This would indicate that active reducing conditions prevail within the bean during roasting; and the further fact that carbon monoxid is given off during roasting makes this seem quite probable. If one admits that caffetannic acid exists in the green bean; that upon oxidation it gives viridic acid; and that it is concentrated in the outer layers of the bean, as certain investigators have claimed, then there is chemical proof of the existence of oxidizing conditions about the exterior of the bean. In any event, however, the fact that oxidizing conditions predominate on the external portion of the bean is obvious. Accordingly, our meager knowledge of the chemistry of roasting indicates that while the external layers of the roasting beans are subjected to oxidizing conditions, reducing ones exist in the interior. Future experimentation will, no doubt, prove this to be the case.

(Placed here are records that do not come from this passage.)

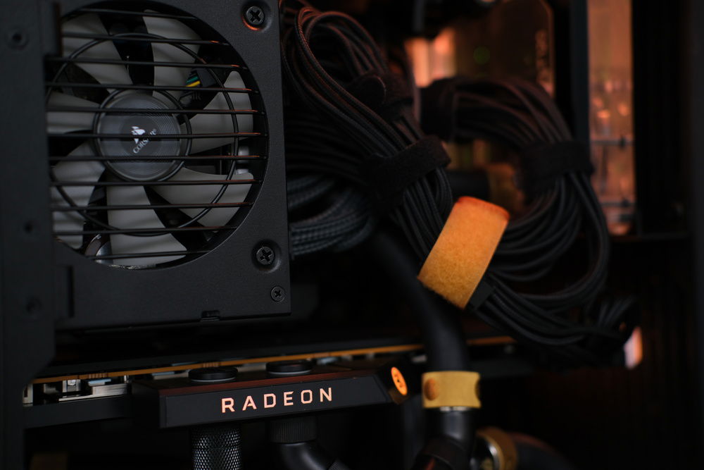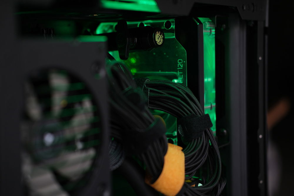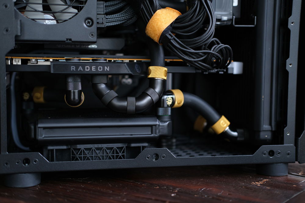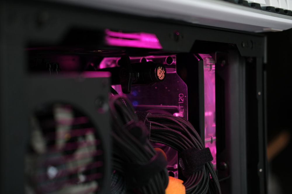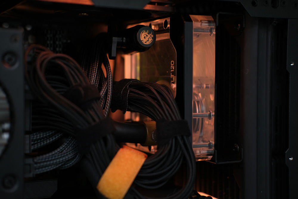 The custom watercooling in this sytem incorporates acetyl water blocks from EK for both the CPU and GPU, two HWlabs GTS radiators in 120mm and 240mm at 30mm thick, and a PWM DDC pump mounted to an EK flat reservoir. Fittings are a combination of Bitspower and EK.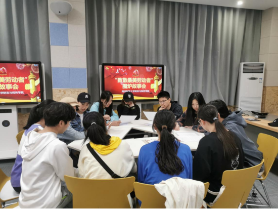 的师生们在仙林校区博文楼101智慧教室开展了“致敬最美劳动者”围炉故事会,师生们围坐一起聆听奉献故事,感悟奋斗真谛,共话劳动精神。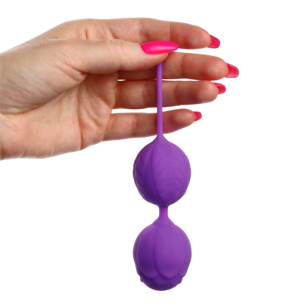 Фиолетовые вагинальные шарики на сцепке выполнены из медицинского силикона. Такие оптимальны как для начинающих, так и для продвинутых пользователей.
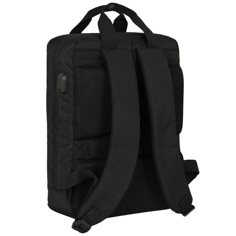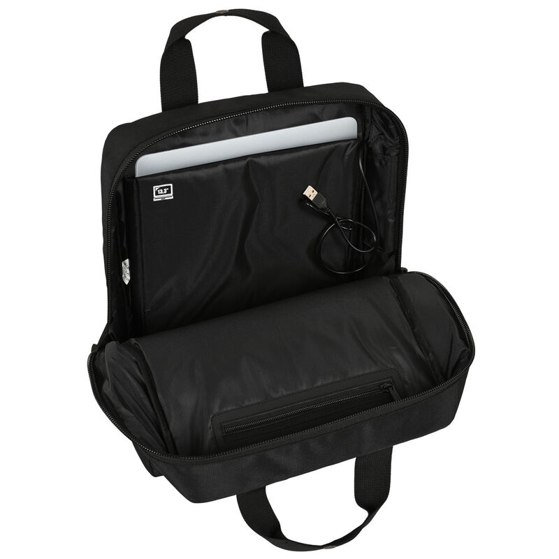 Tamanho: 29x39x12cm. Compartimento principal de grande formato com zíper com acomodação para um laptop de 13,3. Bolso interno com zíper. Extrator de zíper principal duplo para facilitar a abertura. Bolso frontal grande com fecho de aba magnética. Conector USB externo para carregar o celular. Costas e ombreiras acolchoadas e ergonômicas, com mesh respirável. Alças de fechamento em PVC entre as ombreiras para mantê-lo totalmente preso ao corpo. Alça traseira adaptável à alça da mala. Alça na parte superior.
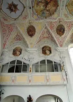 Die Emporen auf der Westseite befinden sich auf drei Ebenen, von denen die oberste durch die nach oben strebende Orgel geteilt wird. Die oberste Emporenbrüstung ist mit Stuck und kleinen Bildern geschmückt, die anderen haben nur Stuck als Verzierung.

Attempts have been made to retain in the beans the volatile products, which normally escape, both by coating previous to roasting[163] and by conducting the process under pressure.[164] However, the results so obtained were not practical, since the cup values were decreased in the majority of cases, and the physiological effects produced were undesirable. In cases where the quality was improved, the gain was not sufficient to recompense the roaster for the additional expense and difficulty of operation.

Various persons have essayed to control the roasting process automatically; but the extreme variance in composition of different coffees, the effect of changing atmospheric conditions, and the lack of constancy in the calorific power of fuels have conspired to defeat the automatic roasting machine.[165] It is even doubtful whether De Mattia's[166] process for roasting until the vapors evolved produce a violet color when pa.s.sed into a solution of fuchsin decolorized with sulphur dioxid is commercially reliable.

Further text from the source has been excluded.